In other fungi, endochitinases are required for separation of mother and daughter cells. For example, S. cerevisiae endochitinase Cts1p is active during vegetative growth and functions to cleave the chitin in the bud neck during cell separation (27). Deletion of CTS1 in S. cerevisiae disrupts the ability of the daughter cell to separate from the mother cell, culminating in a multi-budding/pseudohyphal phenotype (25, 27). Although C. neoformans grows vegetatively by budding and is predicted to have four distinct endochitinases, only Chi22 had weak similarity (E value of 0.001) to Cts1p of S. cerevisiae. Therefore, we sought to determine whether one or more of the endochitinases in C. neoformans were needed to cleave the bud neck chitin during separation of the mother from the daughter cell. Surprisingly, the morphology or ability of the chitinase deletion strains to bud during growth in either rich or minimal medium was not affected in any of the deletion strains, including the quadruple endochitinase mutant strain (chi2Δ chi21Δ chi22Δ chi4Δ HEX1) (Fig. (Fig.7).7). These data indicated that the endochitinases are not necessary for vegetative growth.
Because chitinases remodel chitin to allow for lateral cell wall expansion in other fungi reviewed by Duo-Chuan (12) and the cell wall of C. neoformans contains both chitin and chitosan (4, 5), we hypothesized that one or more of the chitinases may hydrolyze the cellular chitin that remains unconverted to chitosan during cell growth in C. neoformans. If the chitinases were remodeling the lateral cell wall, deletion of these might result in altered cell size and/or an accumulation of chitin in the cell wall. We visualized the cell wall of the quadruple chitinase deletion strain using stains that are reported to bind to chitin or chitosan; CFW binds to both chitin and chitosan, and Eosin Y is specific to chitosan. The size of the cells and the staining patterns of both dyes did not differ from that of the wild type (Fig. (Fig.7).7). Because staining is a qualitative and not quantitative measurement, we considered that the differences in the chitin or chitosan content might be too subtle to distinguish with the staining method, so a quantitative method was used to measure the amount of cellular chitin and chitosan. Deletion of the four endochitinases did not have a significant effect on these measurements (data not shown). The data suggested C. neoformans might have an alternative mechanism for controlling the cell wall chitin content and localization other than by the endochitinases or a different approach was needed to detect their impact.

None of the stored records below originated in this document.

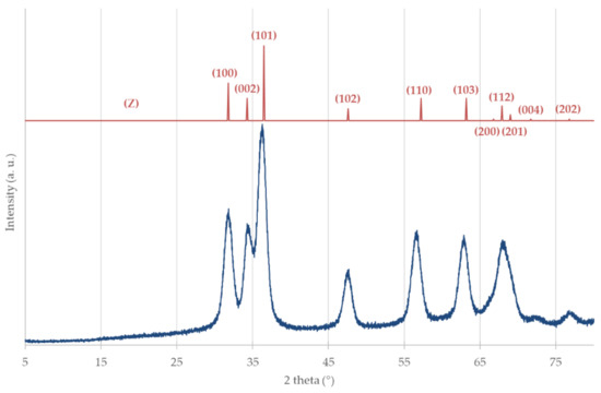 The collected diffraction peaks (Figure 6) are in very good agreement with the wurtzite reference (JCPDS = 36–1451). The dXRD calculated by the Scherrer equation, using the (102) peak plane as well, is equal to 8 nm (Table 5).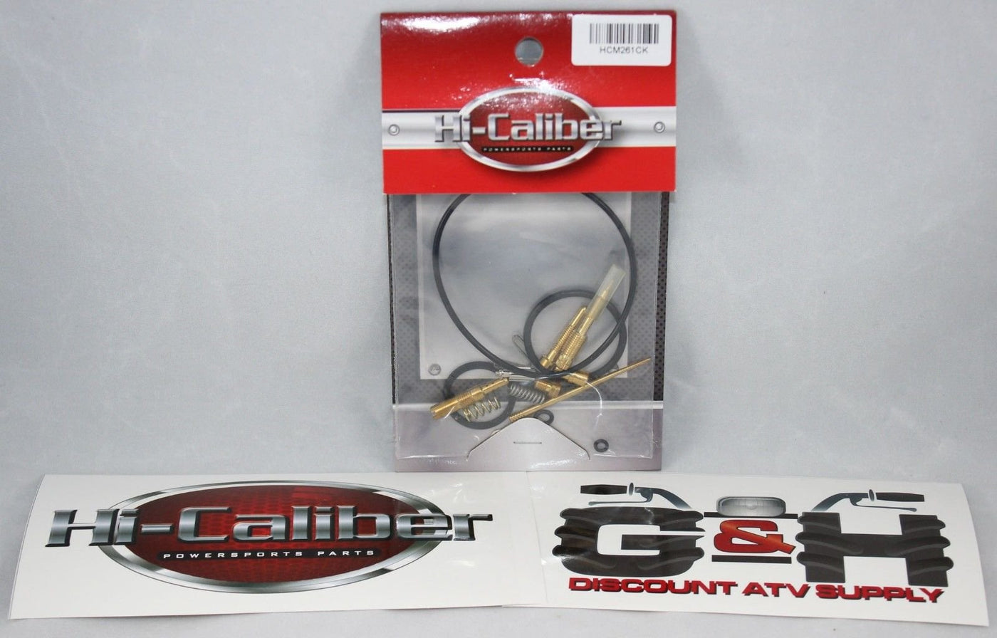 Q: Does the kit come with any additional items or benefits?A: Yes, the Hi-Caliber carburetor rebuild kit comes with a FREE G&H DISCOUNT ATV SUPPLY & HI-CALIBER POWERSPORTS PARTS decal and offers free shipping, adding extra value to your purchase.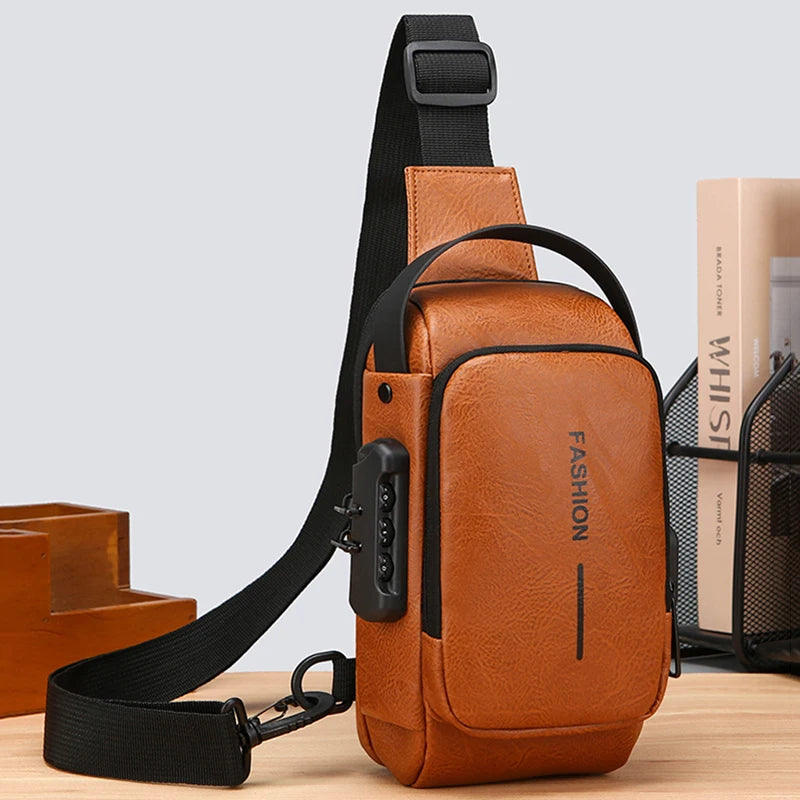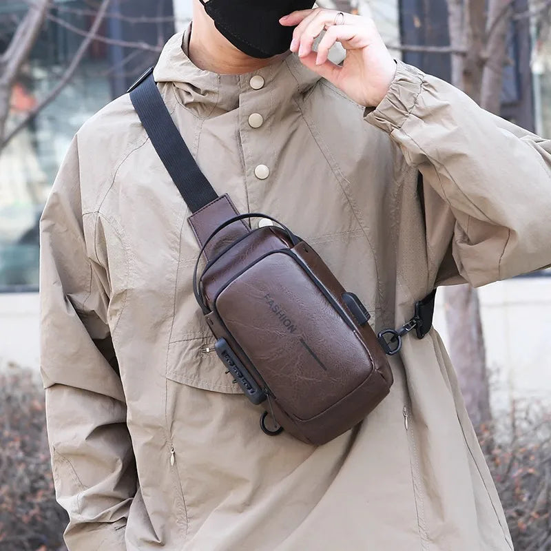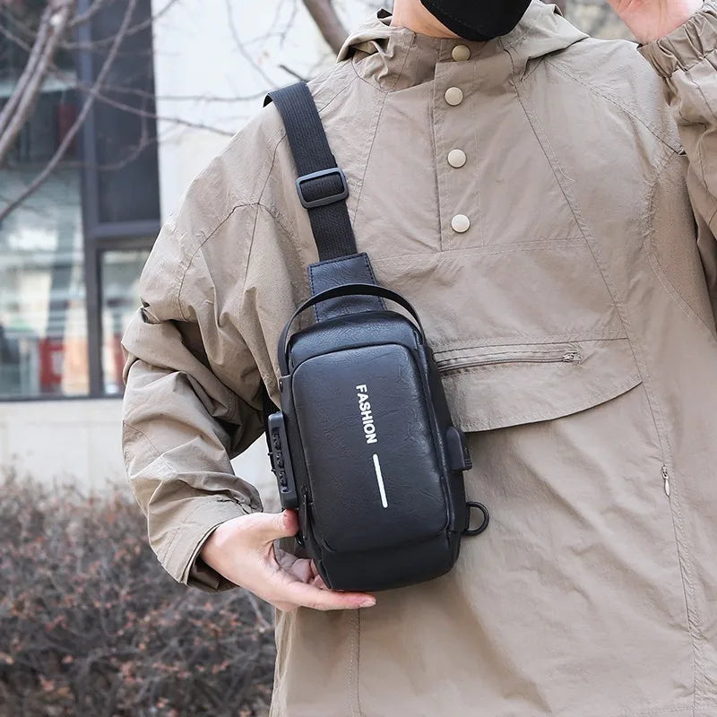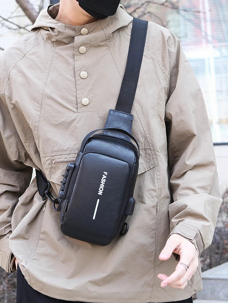Men's Multifunction Anti-theft USB Chest Bag, Sling Shoulder Bag, Password Lock Crossbody Bag Suitable for Cycling

Even though gross morphological differences in the various chitinase deletion strains were not observed, we considered that the deletions might compromise the cell wall architecture, which could become more pronounced during conditions of stress. Therefore, we tested the ability of the chitinase deletion strains to grow on a variety of chemical agents that are commonly used to assess different aspects of cell wall integrity. SDS is used extensively to test cell wall integrity. It can disrupt the plasma membrane in a strain whose cell wall has been compromised. Caffeine is used to test both signal transduction and cell integrity (33), while Congo red tests cell wall integrity by inhibiting the microfibril assembly of a compromised cell (48, 58). In addition, the fungal cell wall maintains turgor pressure; hence, NaCl is often used to test for osmotic stability. Finally, CFW is often used to test cell wall integrity by disrupting the assembly of chitin microfibrils (48). Thus, when the wall is compromised any or all of these compounds may lead to lack of growth or cell death.

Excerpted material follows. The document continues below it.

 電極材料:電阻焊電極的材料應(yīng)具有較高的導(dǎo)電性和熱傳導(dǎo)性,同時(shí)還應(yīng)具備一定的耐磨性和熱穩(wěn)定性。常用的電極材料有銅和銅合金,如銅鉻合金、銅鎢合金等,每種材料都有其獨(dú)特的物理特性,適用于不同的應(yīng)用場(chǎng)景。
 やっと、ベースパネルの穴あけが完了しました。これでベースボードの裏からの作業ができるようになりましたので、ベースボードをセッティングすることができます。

After 5 days on YPD medium supplemented individually with these inhibitors at a variety of concentrations (see Materials and Methods), the only compound that substantially inhibited growth of the deletion strains was SDS (Fig. (Fig.8).8). The single-deletion chi2Δ and chi21Δ strains grew 3 to 4 orders of magnitude less than the wild type on 0.06% SDS. In addition, the chi22Δ and chi4Δ strains were slightly more sensitive to 0.06% SDS than the wild type. The deletion of hexosaminidase (hex1Δ) had no affect under the conditions tested (Fig. (Fig.88).
Because each of the individual deletions of the endochitinases affected the ability of C. neoformans to survive on 0.06% SDS, we anticipated that strains carrying multiple deletions of these genes would display an additive growth defect on this medium. Three of the triple endochitinase deletion combinations CHI21 HEX1 (chi2Δ chi22Δ chi4Δ), CHI22 HEX1 (chi2Δ chi21Δ chi4Δ), and CHI4 HEX1 (chi2Δ chi21Δ chi22Δ) displayed sensitivities similar to that observed with the chi2Δ strain, being 3 to 4 orders of magnitude more sensitive than the wild type on 0.06% SDS. We found that a strain with only CHI2 HEX1 remaining (chi21Δ chi22Δ chi4Δ) retained the ability to grow on this medium, which had very similar growth compared to the wild type (Fig. (Fig.8).8). Although the single deletion of CHI21 had an adverse affect on growth under these conditions, a strain with only CHI21 HEX1 remaining did not rescue growth to wild-type levels like that of the CHI2 HEX1 strain as described above. Interestingly, the deletion of all of the endochitinases (chi2Δ chi21Δ chi22Δ chi4Δ) resembled the phenotype of the single CHI2 deletion (Fig. (Fig.8).8). Combined, these data indicated that Chi2 is the main endochitinase used for cell wall maintenance during vegetative growth of C. neoformans, and it alone might compensate for the other endochitinases during this growth phase.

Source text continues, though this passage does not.